- **What is needed**:
Copy the listing exactly, leaving out every picture.

- **Collected data**:
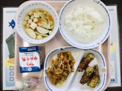 本日の給食は、揚げちくわと混ぜご飯でしたね。 美味しくいただいたことと思います。
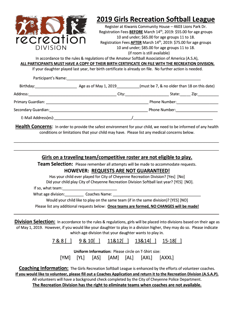 2019 Girls Recreation Softball League Register at Kiwanis Community House 4603 Lions Park Dr. Registration Fees BEFORE March 14th, 2019: $55.00 for age groups 10 and under; $65.00 for age groups 11
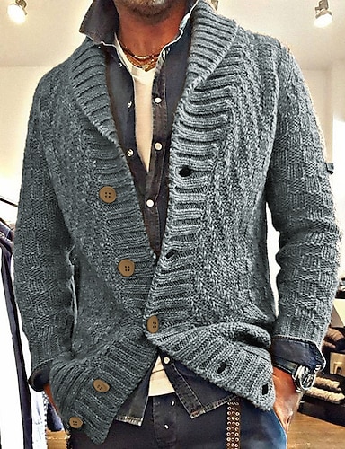Herren Pullover Strickjacke Herbstpullover Stricken Cropped Strick Glatt Schalrevers Modisch Moderne zeitgenössische Weihnachten Casual Bekleidung Herbst Winter Weinrot Schwarz S M L

- **Final answer**:
 本日の給食は、揚げちくわと混ぜご飯でしたね。 美味しくいただいたことと思います。
 2019 Girls Recreation Softball League Register at Kiwanis Community House 4603 Lions Park Dr. Registration Fees BEFORE March 14th, 2019: $55.00 for age groups 10 and under; $65.00 for age groups 11
Herren Pullover Strickjacke Herbstpullover Stricken Cropped Strick Glatt Schalrevers Modisch Moderne zeitgenössische Weihnachten Casual Bekleidung Herbst Winter Weinrot Schwarz S M L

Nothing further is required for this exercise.